WHAT YOU NEED TO DO -> An exact copy is the goal: every line from the one containing "G238E為手動操作儀器,具" to the end of the material below, pictures excluded.

DATA SHOWN ->
=======

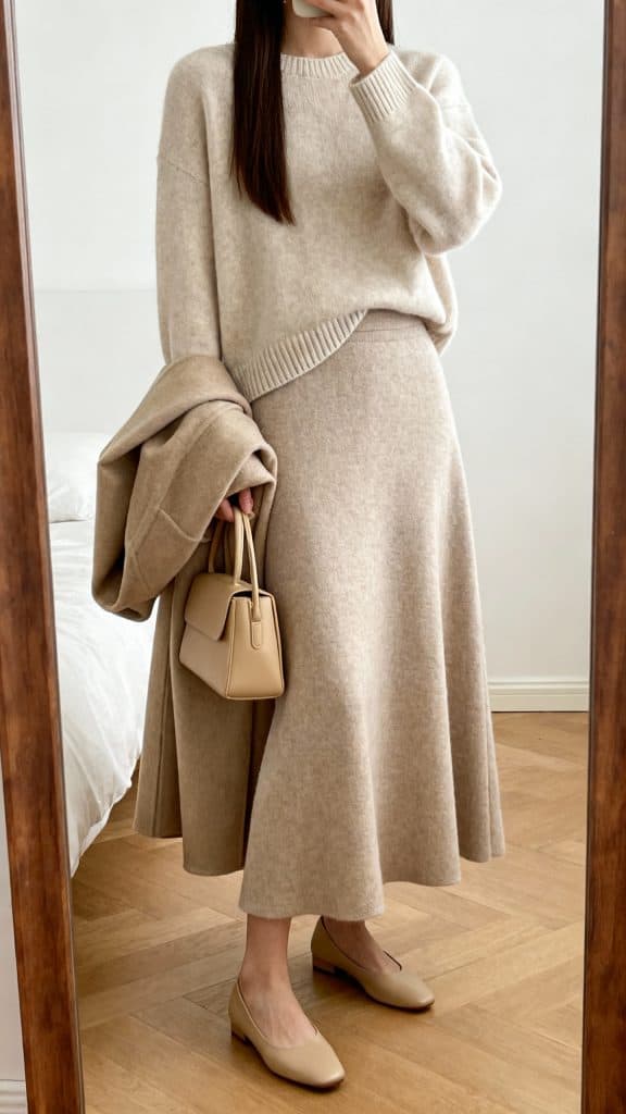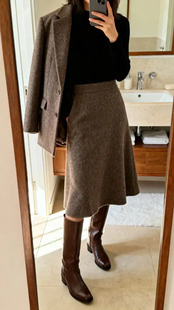 When you want polish without pants, this is it. A belted blazer over a ribbed knit long skirt serves structure and comfort at the same time. It’s sharp, warm, and surprisingly flexible for the office or events.
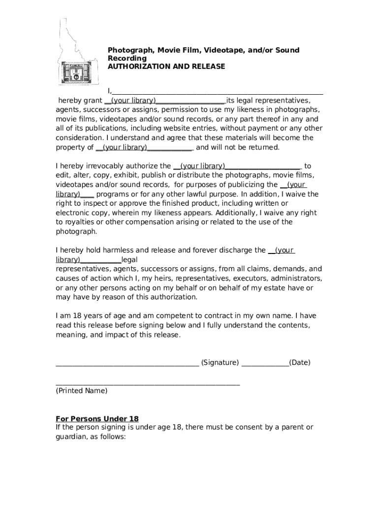 The brevardfp.orgwp-contentuploadsPhotograph, Movie Film, Videotape, and/or Sound Recording ... - libraries idaho is a writable document that has to be filled-out and signed for specific purposes. In that case, it is furnished to the relevant addressee to provide specific details of any kinds. The completion and signing is able in hard copy by hand or with a suitable service e. g. PDFfiller. These tools help to submit any PDF or Word file without printing out. It also allows you to edit its appearance depending on your needs and put a valid digital signature. Once you're good, you send the brevardfp.orgwp-contentuploadsPhotograph, Movie Film, Videotape, and/or Sound Recording ... - libraries idaho to the respective recipient or several recipients by email and also fax. PDFfiller is known for a feature and options that make your Word form printable. It includes a number of settings when printing out. It does no matter how you will send a form after filling it out - in hard copy or by email - it will always look professional and organized. In order not to create a new writable document from scratch every time, make the original Word file into a template. Later, you will have a customizable sample.
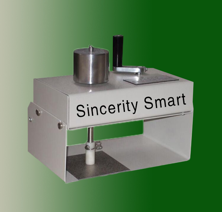 G238E為手動操作儀器,具有一個往復旋轉(zhuǎn)測試頭,主要用于測試織物上較小面積的印花部位。使用標準砝碼,直徑為16mmm的摩擦頭與試樣表面接觸并對其施加11.1N壓力。當操作者沿同一方向轉(zhuǎn)動手柄,摩擦頭先沿順時針方向旋轉(zhuǎn)1.125圈,然后沿逆時針旋轉(zhuǎn)。通過施加壓力和在儀器基座上安裝砂紙來使試樣在試驗過程中保持固定。儀器的上端可沿基座向上傾斜抬起,以便于安裝和卸下試樣。
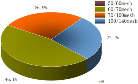 During the field hydraulic fracturing operation, large-sized sand was used to support the main fractures, while small-sized sand was used to support microfractures. In this study, 50/140 mesh quartz sand was used, like ones applied in the field. As observed in the Figure 1, sand of 60/70 mesh accounts for nearly half of the distribution, while 70/100 mesh and 100–140 mesh sand accounts for approximately one-fourth.

=======

WORKED SOLUTION ->
 G238E為手動操作儀器,具有一個往復旋轉(zhuǎn)測試頭,主要用于測試織物上較小面積的印花部位。使用標準砝碼,直徑為16mmm的摩擦頭與試樣表面接觸并對其施加11.1N壓力。當操作者沿同一方向轉(zhuǎn)動手柄,摩擦頭先沿順時針方向旋轉(zhuǎn)1.125圈,然后沿逆時針旋轉(zhuǎn)。通過施加壓力和在儀器基座上安裝砂紙來使試樣在試驗過程中保持固定。儀器的上端可沿基座向上傾斜抬起,以便于安裝和卸下試樣。
 During the field hydraulic fracturing operation, large-sized sand was used to support the main fractures, while small-sized sand was used to support microfractures. In this study, 50/140 mesh quartz sand was used, like ones applied in the field. As observed in the Figure 1, sand of 60/70 mesh accounts for nearly half of the distribution, while 70/100 mesh and 100–140 mesh sand accounts for approximately one-fourth.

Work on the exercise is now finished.